Two particular features of the C and C++ programming languages that truly distinguish them from other languages, such as C#, are:

You can do arbitrary arithmetic on pointers.
You can successfully dereference any pointer anytime as long as it points to allocated memory (from the point of view of the OS), though the behavior of the application may be undefined if it doesn’t point at the memory it owns.

These features make the languages very powerful, but they constitute a great threat at the same time. In particular, a pointer that’s intended to be used to access or iterate over contents of a buffer might be erroneously or maliciously modified so that it points outside the bounds of the buffer to either read or write adjacent or other memory locations. Writing beyond the largest address of a buffer is called a buffer overflow. Writing before the smallest address of a buffer (which is the address of the buffer) is called a buffer underflow.

A stack-based buffer overflow vulnerability has been discovered recently in an extremely popular piece of software (which I won’t name). This resulted from using the sprintf function unsafely, as shown in the following code:

sprintf(buffer, "A long format string %d, %d", var1, var2);

The buffer is allocated from the thread stack and it’s a fixed size. However, the size of the string to be written to the buffer depends on the number of characters required to represent two specified integers.
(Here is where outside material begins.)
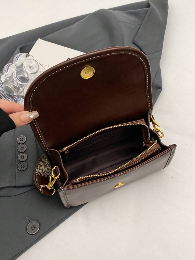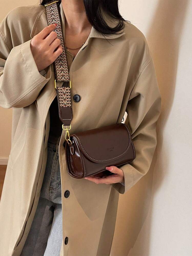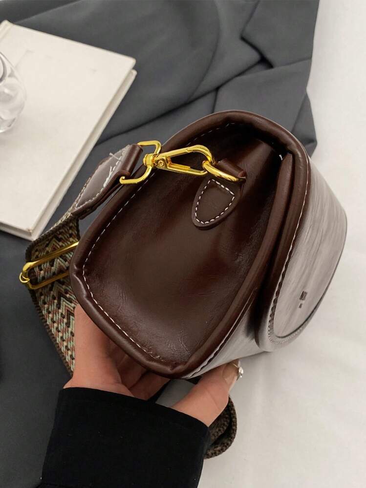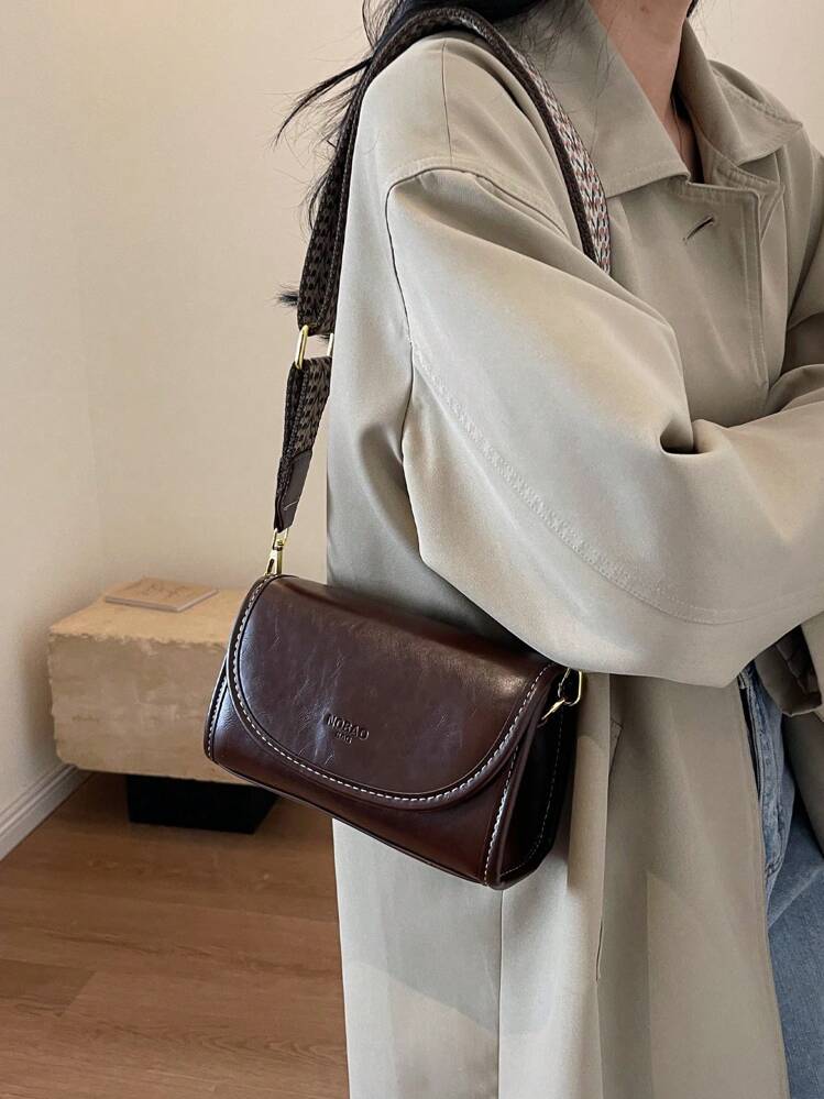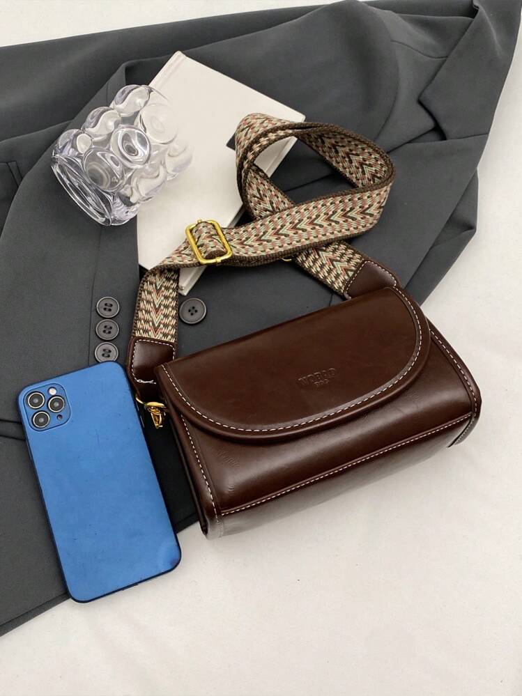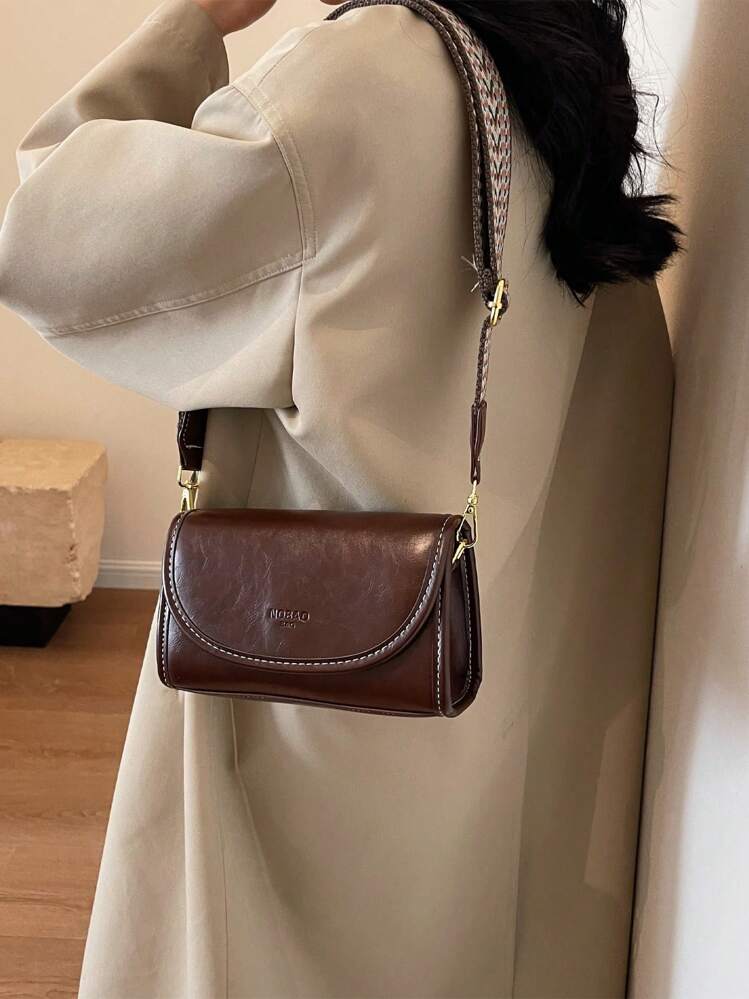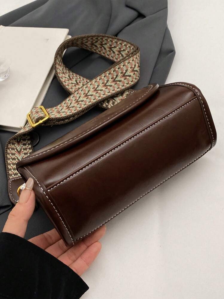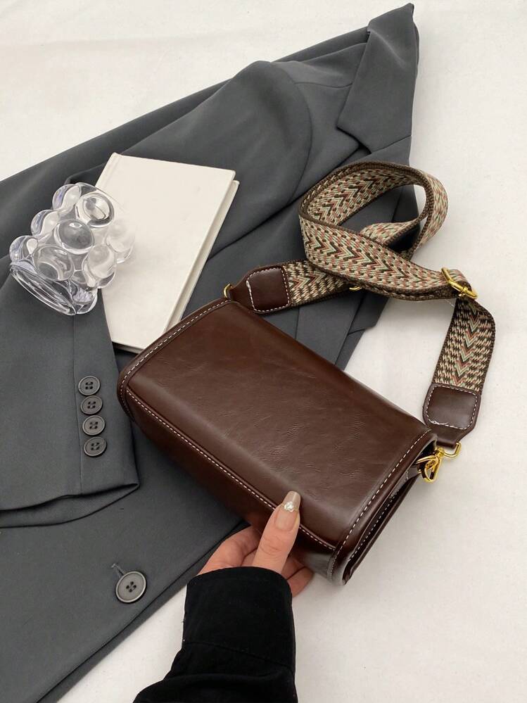 حقيبة كتف مربعة بنمط فينتاج مع شريط عريض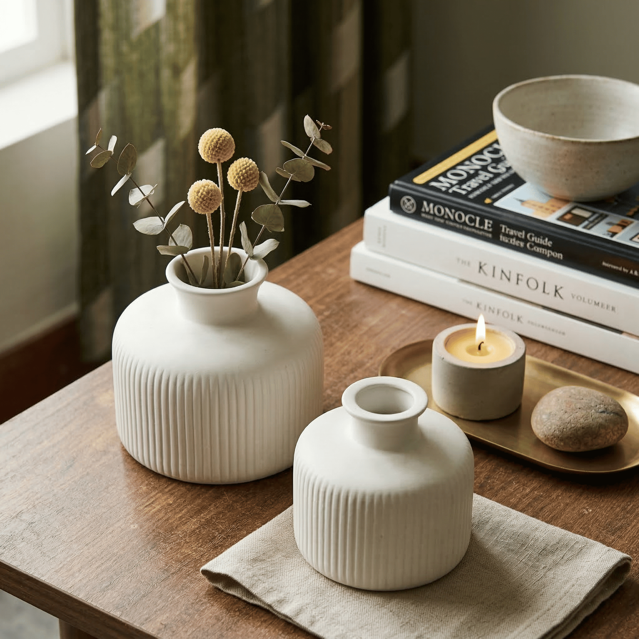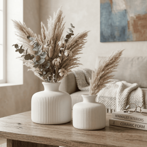 Ceramic Sansa Vase Set Of 2 White (With Thermocol Box)

The size of the buffer isn’t sufficient to hold the largest possible string, resulting in a buffer overflow when large integers are specified. When an overflow occurs, adjacent memory locations higher up in the stack get corrupted.

To demonstrate why this is dangerous, consider where a buffer allocated from the stack would typically be located in the stack frame of the declaring function according to standard x86 calling conventions and taking into consideration compiler optimizations, as shown in Figure 1.

Figure 1 A Typical x86 Stack Frame

First, the caller pushes any arguments that aren’t passed through registers onto the stack in a certain order. Then, the x86 CALL instruction pushes the return address onto the stack and jumps to the first instruction in the callee. If frame pointer omission (FPO) optimization doesn’t take place, the callee pushes the current frame pointer onto the stack. If the callee uses any exception-handling constructs that haven’t been optimized away, an exception-handling frame would next be placed onto the stack. That frame contains pointers to and other information about exception handlers defined in the callee. Non-static local variables that haven’t been optimized away and that can’t be held in registers or that spill from registers are allocated from the stack in a certain order. Next, any callee-saved registers used by the callee must be saved on the stack. Finally, dynamically sized buffers allocated using _alloca are placed at the bottom of the stack frame.

Any of the data items on the stack may have certain alignment requirements, so padding blocks may be allocated as required. The piece of code in the callee that sets up the stack frame (except for the arguments) is called the prolog. When the function is about to return to its caller, a piece of code called the epilog is responsible for deallocating the stack frame up to and including the return address.

The main difference between the x86/x64 and ARM calling conventions is that the return address and frame pointer are held in dedicated registers in ARM rather than on the stack. Nonetheless, stack buffer out-of-bounds accesses do constitute a serious security issue on ARM because other values on the stack may be pointers.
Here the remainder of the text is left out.